▶ **Exercise**: What is wanted is every line below from the one with "Kit Volta às" up to and including the one with "シャープ AQUOS 19型", retyped exactly, pictures excluded, nothing else.

▶ **Entries supplied**:
--- START ---
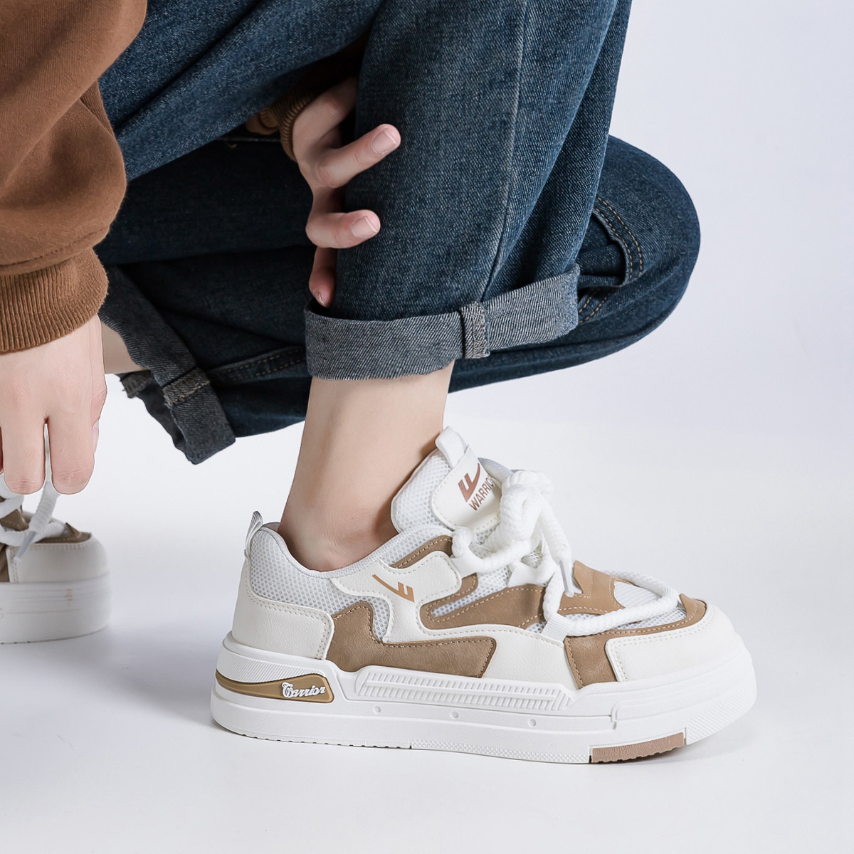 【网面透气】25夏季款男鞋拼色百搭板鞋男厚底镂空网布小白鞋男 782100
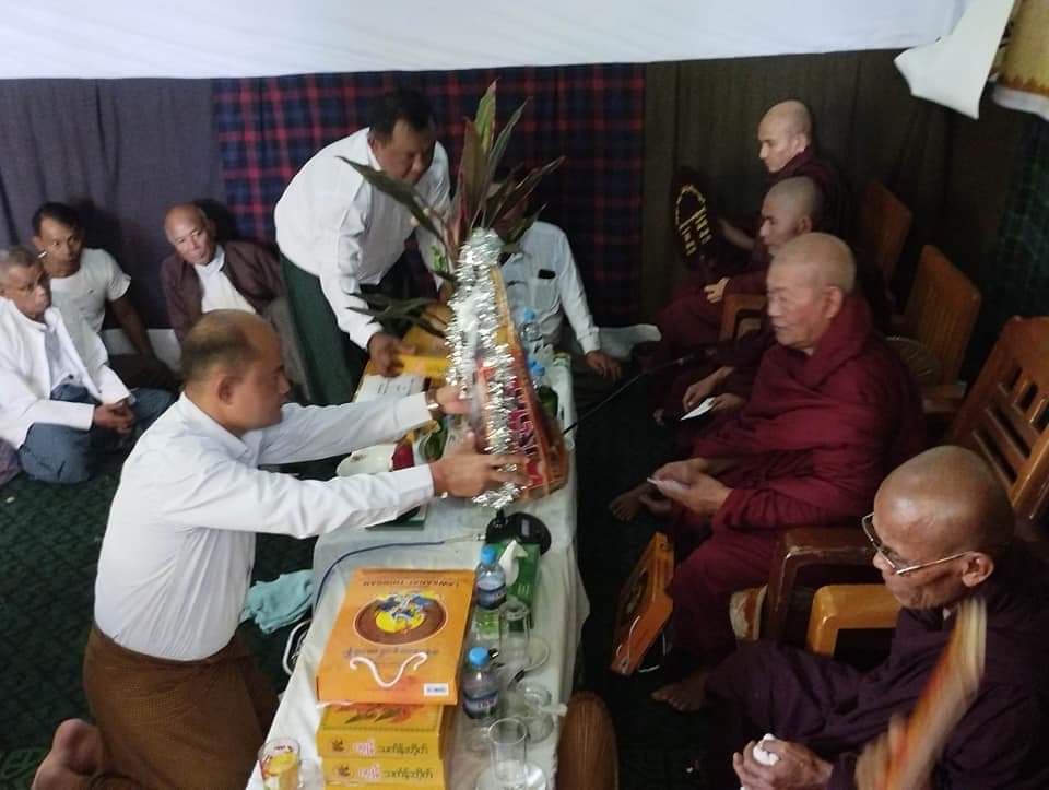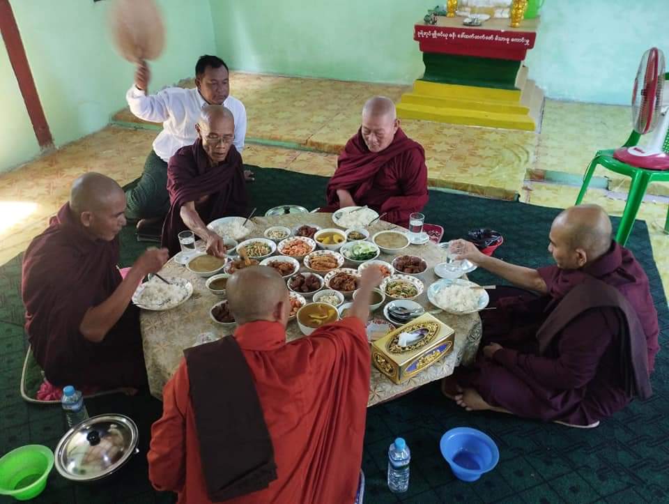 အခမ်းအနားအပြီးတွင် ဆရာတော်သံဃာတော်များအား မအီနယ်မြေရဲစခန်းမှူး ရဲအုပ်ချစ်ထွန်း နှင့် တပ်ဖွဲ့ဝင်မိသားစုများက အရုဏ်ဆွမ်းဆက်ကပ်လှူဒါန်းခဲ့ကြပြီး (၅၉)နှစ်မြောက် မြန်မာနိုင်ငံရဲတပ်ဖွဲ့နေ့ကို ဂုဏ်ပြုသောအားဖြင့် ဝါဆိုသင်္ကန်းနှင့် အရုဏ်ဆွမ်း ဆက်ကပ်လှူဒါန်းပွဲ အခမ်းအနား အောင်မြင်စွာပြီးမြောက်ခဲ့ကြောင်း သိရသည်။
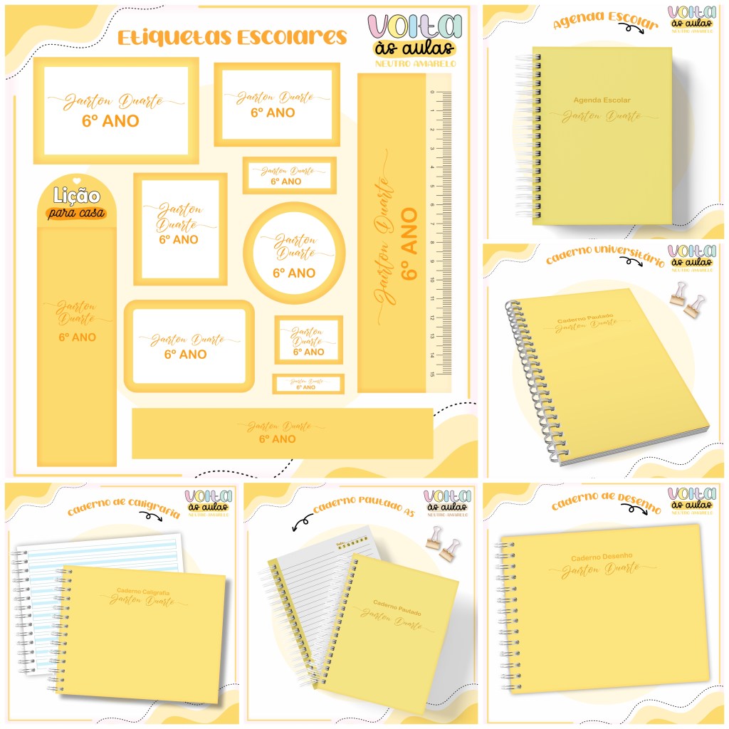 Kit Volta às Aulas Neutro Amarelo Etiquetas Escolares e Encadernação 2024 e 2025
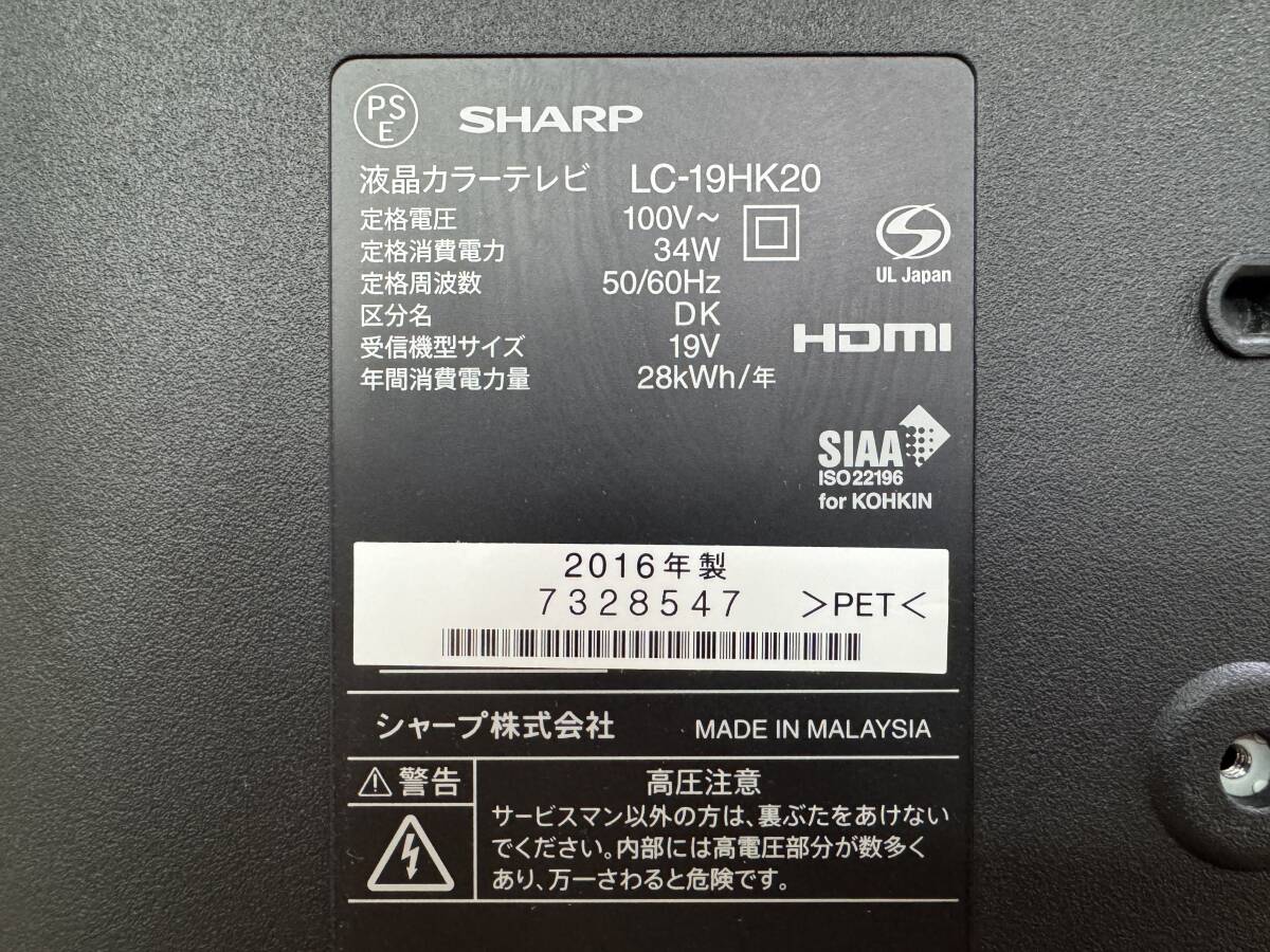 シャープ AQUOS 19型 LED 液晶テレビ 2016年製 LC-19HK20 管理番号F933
--- END ---
--- START ---
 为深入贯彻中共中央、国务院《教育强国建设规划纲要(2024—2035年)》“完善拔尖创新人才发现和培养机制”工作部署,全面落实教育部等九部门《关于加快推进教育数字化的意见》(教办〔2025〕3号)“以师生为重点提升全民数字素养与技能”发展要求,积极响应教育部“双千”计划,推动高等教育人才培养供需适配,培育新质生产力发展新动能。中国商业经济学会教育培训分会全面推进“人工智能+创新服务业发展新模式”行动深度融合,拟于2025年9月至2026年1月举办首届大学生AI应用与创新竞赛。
--- END ---
▶ **Task result**:
 Kit Volta às Aulas Neutro Amarelo Etiquetas Escolares e Encadernação 2024 e 2025
 シャープ AQUOS 19型 LED 液晶テレビ 2016年製 LC-19HK20 管理番号F933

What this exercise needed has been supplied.